Sterister
fa770d3063
M-Files-1..6 land the full files-RPC layer + everything 0.3.0 needs to
ship. Apps keep their own UI; this layer ships the typed RPC, the
streams bridge for content I/O, and production hooks (rate limit,
retention, fingerprint gate, metrics).
@shade/files (NEW)
- Standard ops: list/stat/mkdir/delete/move/read/write/getThumbnail with
Zod-validated wire schemas + clean user-handler types.
- Custom ops: typed via TypeScript declaration merging on CustomOpsMap
+ per-op Zod schemas; client.custom('app.foo', {...}) is fully typed.
- Content I/O: inline (≤ 256 KiB plaintext) base64-in-RPC; streams
(> 256 KiB) ride @shade/transfer via userMetadata.shadeFilesWriteId
/ shadeFilesReadStreamId correlation. Server-side TransformStream
bridges accept inbound transfers immediately (engine rejects chunks
that arrive before accept) and park the readable for the matching
RPC.
- Directory ops: walk(path, opts) async-iterable depth-first walker;
uploadDirectory()/downloadDirectory() with bounded concurrency pool
(default 4, cap 16), aggregated progress, abort.
- Production hooks (callback-based, vendor-neutral): rate-limit (op +
byte), idempotency cache (LRU + TTL + in-flight de-dupe), path
policy (traversal + percent-decode hardening), fingerprint gate
(required/optional/reject), pluggable Ed25519 sig verification with
±5 min replay window, onMetric sink (standard names).
- React hooks (subpath @shade/files/react): ShadeFilesProvider,
useShadeFiles, useFileList, useFileTransfer/Upload/Download.
- Shade.files.serve(handler) + Shade.files.client(peer) high-level
entrypoint in @shade/sdk; lazy + memoized; one handler per Shade.
Wire format bump
- @shade/proto wire VERSION 0x01 → 0x02. Length prefixes changed from
u16 to u32. The previous u16 silently truncated payloads above
64 KiB — a hard correctness ceiling that blocked inline file ops
up to 256 KiB. Wire-incompatible with 0.2.x peers; new sessions
only.

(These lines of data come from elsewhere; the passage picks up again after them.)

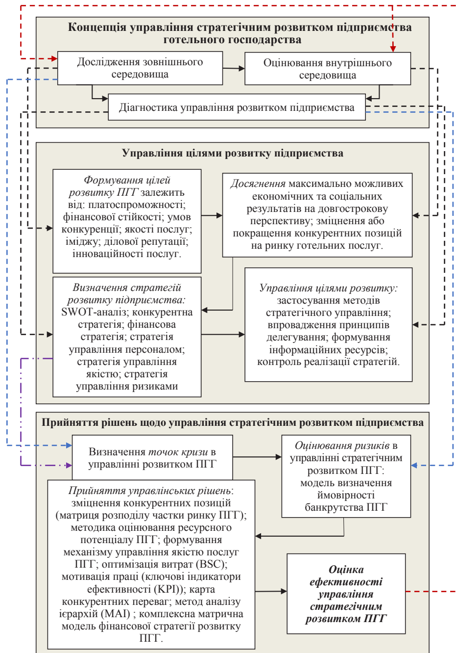
Рис. 2. Структурна модель науково-методологічного підходу до концепції управління стратегічним розвитком підприємства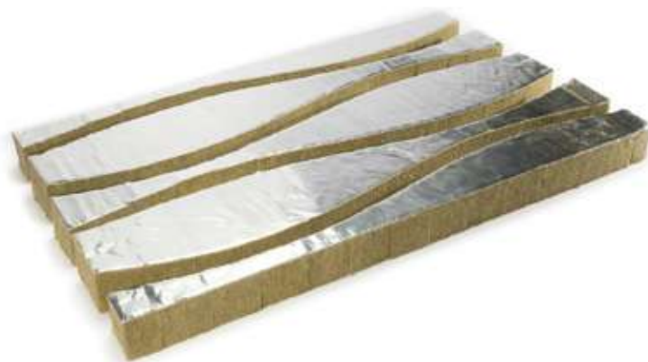
Отвод ХОТПАЙП ПР-СТ в развернутом виде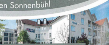
Alhotel Fortuna ★★★★★ Riederich | Metzingen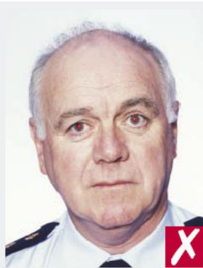
Yeux rouges dus au flash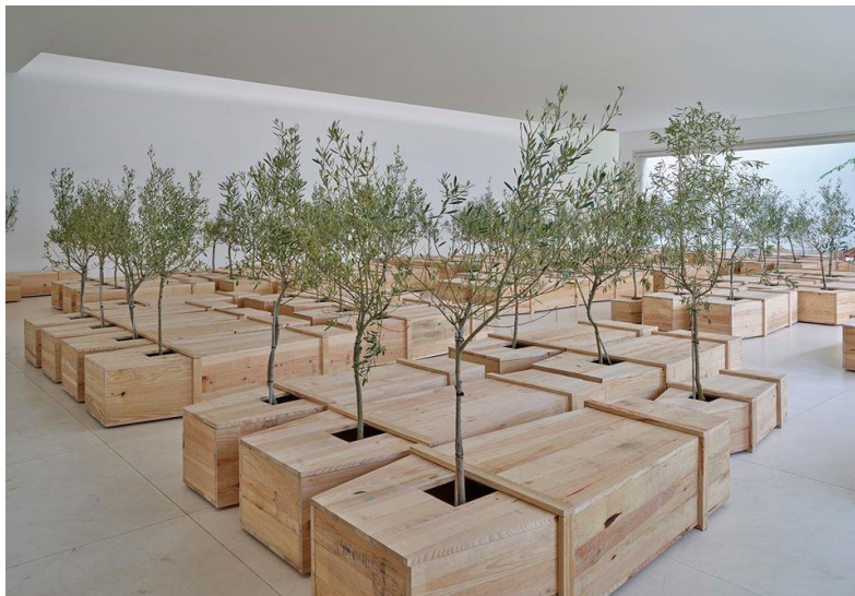
Ex It de Yoko Ono → Arte Conceptual

Esta discusión va a repetirse sin cesar y se sigue desarrollando en nuestra actualidad. Daré dos ejemplos más para no tornarme muy repetitiva: por un lado, los intrincados significados ocultos del arte conceptual versus la aparente nada significativa del minimal, y por el otro, la pretendida obligación moral del arte de politicidad explícita (como si existiera arte no político) contra el supuestamente relajado y naif arte light. Contra lo que tan fervorosamente defendiera Frank Stella, en el arte nada, absolutamente nada, es lo que se ve.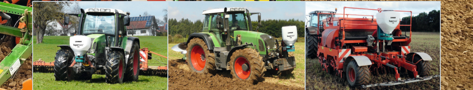
Grünland-Übersaat mit Walze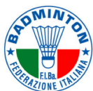
FEDERAZIONE ITALIANA BADMINTON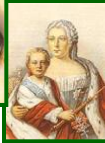
Иван VI Антонович и Анна Леопольдовна 1740-1741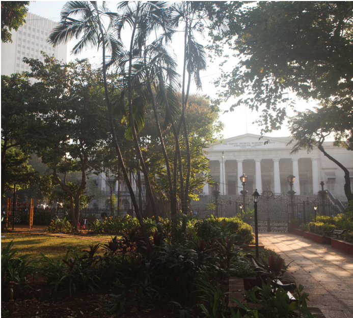
BMW Guggenheim Lab Horniman Circle, Mumbai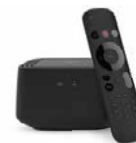
MagentaTV Box **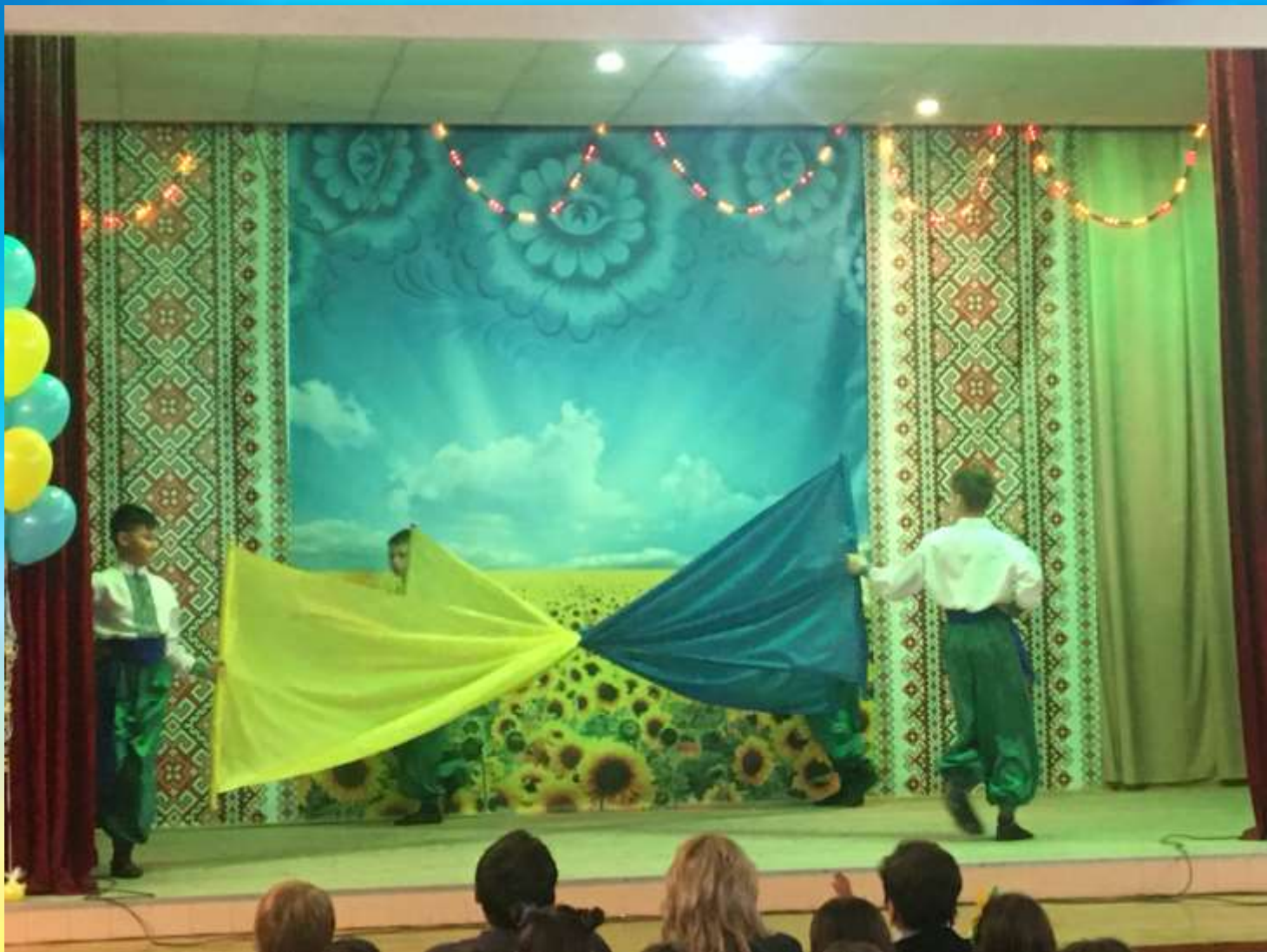
Початок заходу – флешмоб учнів 6-их класів.

Cross-platform Kotlin port (android/shade-android) updated to
match; test-vectors/wire-format.json regenerated.
Concurrency safety
- ShadeSessionManager.encrypt/.decrypt now run under per-peer mutex.
Concurrent decryptions of the same peer raced ratchet state
(manifested as sporadic "Failed to decrypt — wrong key or tampered
data" under load — surfaced once concurrent uploadDirectory pumped
many writes in flight). Encrypt was already serialized via
Shade.send's encryptChains; decrypt is now serialized at the
manager layer too.
@shade/streams extension
- StreamMetadata.userMetadata?: Record<string, string> for
application-level key/value pairs that round-trip verbatim through
stream-init plaintext. Used by @shade/files for write/read
correlation; available to any consumer.
@shade/sdk extension
- Shade.files getter (lazy + memoized).
- BackgroundHooks.onPruneFiles + periodic timer (default 5 min) +
BackgroundTasks.setHook(name, fn) for runtime hook registration.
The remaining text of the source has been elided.